In the above example, we have grouped documents by field by_user and on each occurrence of the by_user previous value of the sum is incremented.

Following is a list of available aggregation expressions.

$sum

Sums up the defined value from all documents in the collection.
>db.mycol.aggregate([{$group : {_id : "$by_user", num_tutorial : {$sum : "$likes"}}}])

$avg

Calculates the average of all given values from all documents in the collection.
>db.mycol.aggregate([{$group : {_id : "$by_user", num_tutorial : {$avg : "$likes"}}}])

$min

Gets the minimum of the corresponding values from all documents in the collection.
>db.mycol.aggregate([{$group : {_id : "$by_user", num_tutorial : {$min : "$likes"}}}])

$max

Gets the maximum of the corresponding values from all documents in the collection.
>db.mycol.aggregate([{$group : {_id : "$by_user", num_tutorial : {$max : "$likes"}}}])

$push

Inserts the value to an array in the resulting document.
>db.mycol.aggregate([{$group : {_id : "$by_user", url : {$push: "$url"}}}])

$addToSet

Inserts the value to an array in the resulting document but does not create duplicates.
db.mycol.aggregate([{$group : {_id : "$by_user", url : {$addToSet : "$url"}}}])

$firstGets 

The first document from the source documents according to the grouping. Typically this makes only sense together with some previously applied 
stage.db.mycol.aggregate([{$group : {_id : "$by_user", first_url : {$first : "$url"}}}])

$last

Gets the last document from the source documents according to the grouping. Typically this makes only sense together with some previously applied 
stage.db.mycol.aggregate([{$group : {_id : "$by_user", last_url : {$last : "$url"}}}])

Pipeline Concept


aggregation-pipeline


In UNIX command, shell pipeline means the possibility to execute an operation on some input and use the output as the input for the next command and so on. MongoDB also supports the same concept in aggregation framework. There is a set of possible stages and each of those is taken as a set of documents as an input and produces a resulting set of documents (or the final resulting JSON document at the end of the pipeline). This can then, in turn, be used for the next stage and so on.
Following are the possible stages in aggregation framework -

$project - Used to select some specific fields from a collection.

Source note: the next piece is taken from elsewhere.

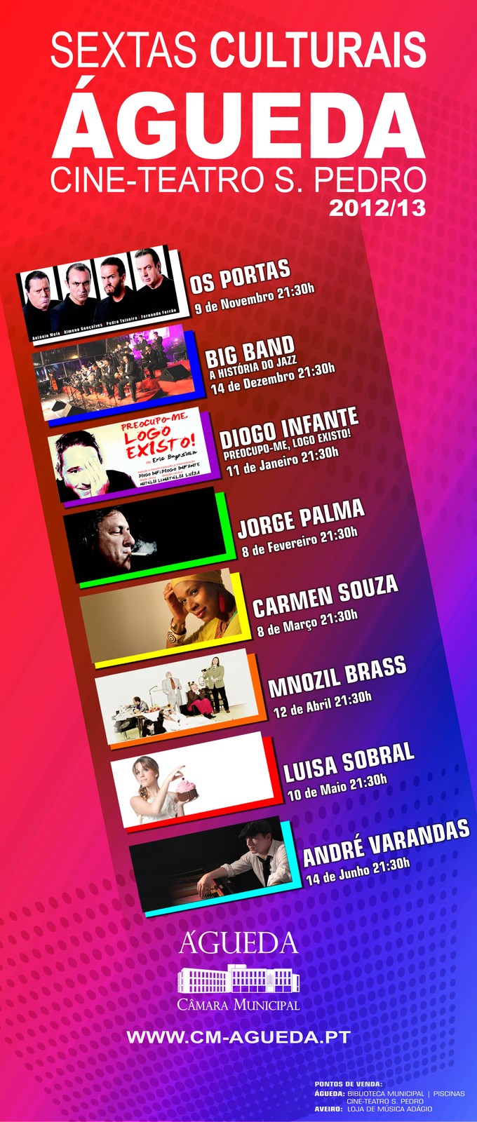Fica, assim, apresentado o programa Sextas Culturais 2012/2013. A Autarquia deixa o convite e lança o desafio, para que todos os munícipes, bem como todos aqueles que se queiram deslocar até Águeda, passem a ter um óptimo serão cultural todas as segundas sextas-feiras de cada mês.

$match - This is a filtering operation and thus this can reduce the number of documents that are given as input to the next stage.

$group - This does the actual aggregation as discussed above.

$sort - Sorts the documents.

$skip - With this, it is possible to skip forward in the list of documents for a given amount of documents.

$limit - This limits the number of documents to look at, by the given number starting from the current positions.

$unwind - This is used to unwind document that are using arrays. When using an array, the data is kind of pre-joined and this operation will be undone with this to have individual documents again. Thus with this stage, we will increase the number of documents for the next stage.